### [EXERCISE DIRECTIONS]
Your answer should be the lines below from the one holding "Ventilatore interno di assistenza" through the one holding "Connecteur rapide double entrée", copied exactly and with nothing else.

### [ENTRIES SUPPLIED]
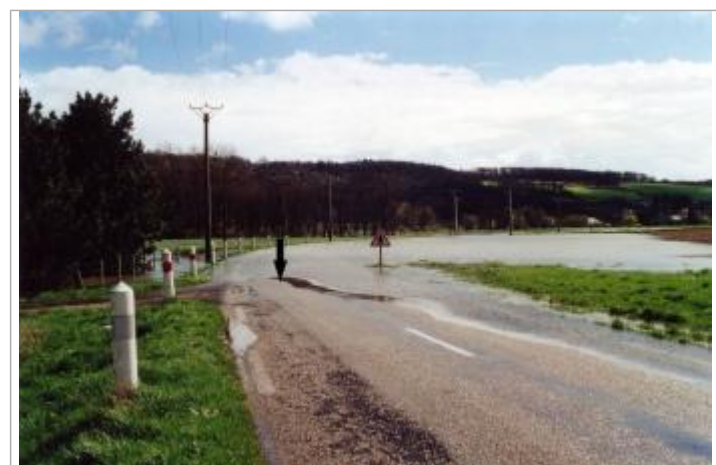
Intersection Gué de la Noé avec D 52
--
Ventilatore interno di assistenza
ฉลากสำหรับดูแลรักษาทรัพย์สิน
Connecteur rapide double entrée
---
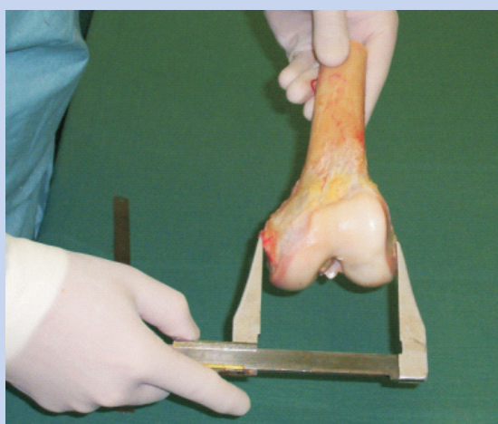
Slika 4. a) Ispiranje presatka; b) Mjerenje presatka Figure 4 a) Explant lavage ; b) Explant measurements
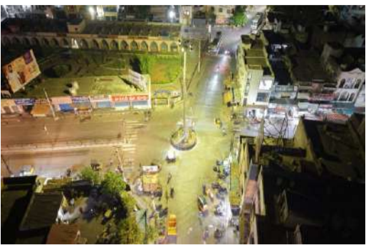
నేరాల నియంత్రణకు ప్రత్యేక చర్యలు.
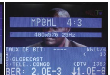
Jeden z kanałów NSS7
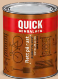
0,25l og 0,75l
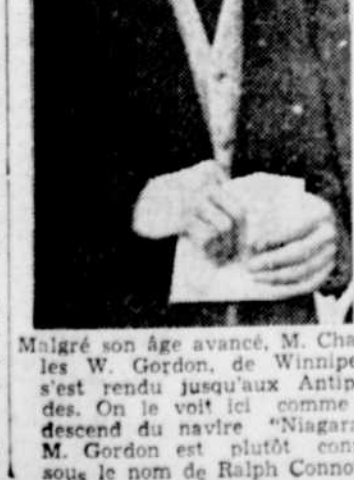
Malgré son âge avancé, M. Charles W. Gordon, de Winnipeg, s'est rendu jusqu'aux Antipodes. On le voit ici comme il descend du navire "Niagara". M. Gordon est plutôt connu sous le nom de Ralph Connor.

### [COMPLETED TASK]
Ventilatore interno di assistenza
ฉลากสำหรับดูแลรักษาทรัพย์สิน
Connecteur rapide double entrée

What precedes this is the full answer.